Our guest is Dave McCrory, Global Head of insights and Analytics at Digital Realty. He is a great guest for our initial series. He’s a co-owner of the original patent on cloud computing but more importantly, he’s the one who coined the term data gravity. Dave, I would like to understand how you got to this term. Everyone’s taken it onto them own and define their own terms on it. What do you mean by it as you use the term?

First, thanks for having me on. Data gravity for me came as I was looking at what early cloud companies were doing. By cloud, I mean companies like Salesforce and such. At the time, this was circa 2010, they were making acquisitions of companies. I was trying to understand why they were making decisions and such.

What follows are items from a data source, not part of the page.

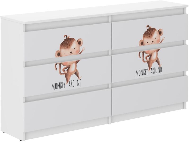 Majom mintás ifjúsági komód - Tárolás stílusosan! ? Dobd fel a gyerekszobát ezzel a vidám és praktikus komóddal, melynek majom mintája garantáltan mosolyt csal az arcokra! A 6 tágas fióknak köszönhetően minden játék, ruha és kincs könnyedén elfér. Főbb jellemzők:Anyaga: Minőségi laminált LMDF és MDF Színe: Fehér, mely könnyen illeszkedik bármilyen szobába Minta: Tartós, élénk színű majom minta, speciális laminálással védve a kopástól Fiókok: 6 darab, gördülékeny mozgású görgős sínekkel Méretek:Lemez vastagsága: 16 mm Mélysége: 30 cm Szélessége: 140 cm Magassága: 76 cm Ez a komód nem csak szép, hanem praktikus is, segít rendszerezni a gyerekszobát, miközben egyedi stílust kölcsönöz neki. A tartós anyagoknak köszönhetően hosszú éveken át szolgálja majd a családot.
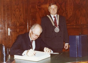 Foto1: Jacob Rothschild se podepisuje do pamětní knihy, vedle něj primátor Ostravy Jiří Smejkal
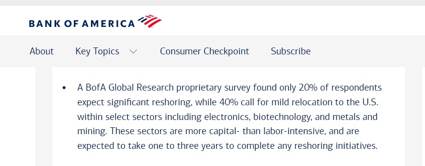 报告访问了56位证券业基本面分析师,仅有20%的分析师认为美国未来将有“显著”制造业回流,且仅限于资本密集型和涉及安全的特定产业。该报告调查范围覆盖全球九个市场、共1029家企业,总市值逾38万亿美元。
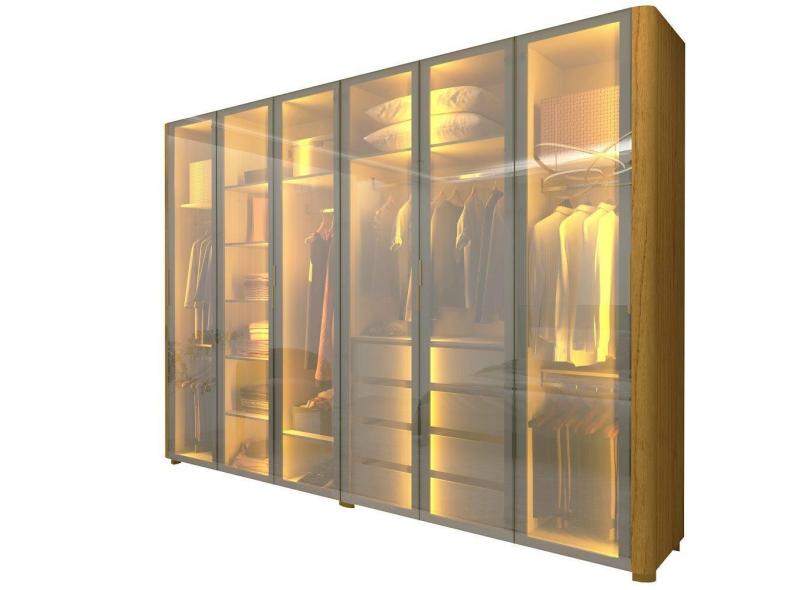 Guarda Roupa de Casal Gelius Innova com 250 cm de Largura 6 portas com 6 portas de vidro reflecta 4 gavetas com pés e LED Naturale

I realized that it was the access to the data and the closer that you could get to the data, the more advantaged you would be.

As I thought about that, I thought of it as being like a planet having a gravitational pull. The pull being on applications and services. That became the birth of data gravity, that data has an attractive force to it and that attractive force was caused by access to the data either with lower latency so you get faster access to the data or more bandwidth. You can access more of the data at a time.

With that, I began blogging about it, chatting on social media, interacting with other industry experts. Over time, my views on data gravity have evolved. When I think about data gravity, I think of two things. I think of data having mass and growing. When you have a sufficient enough amount of data, it ends up with an attractive force like when you have a large enough amount of mass, say a planet or something, it has an attractive force. At the same time, there’s the concept of activity. When you access data that can also have an attractive effect. If you think about if you have a small amount of content but it’s highly desired, it will still have that same attractive force even though it’s not a large amount of data.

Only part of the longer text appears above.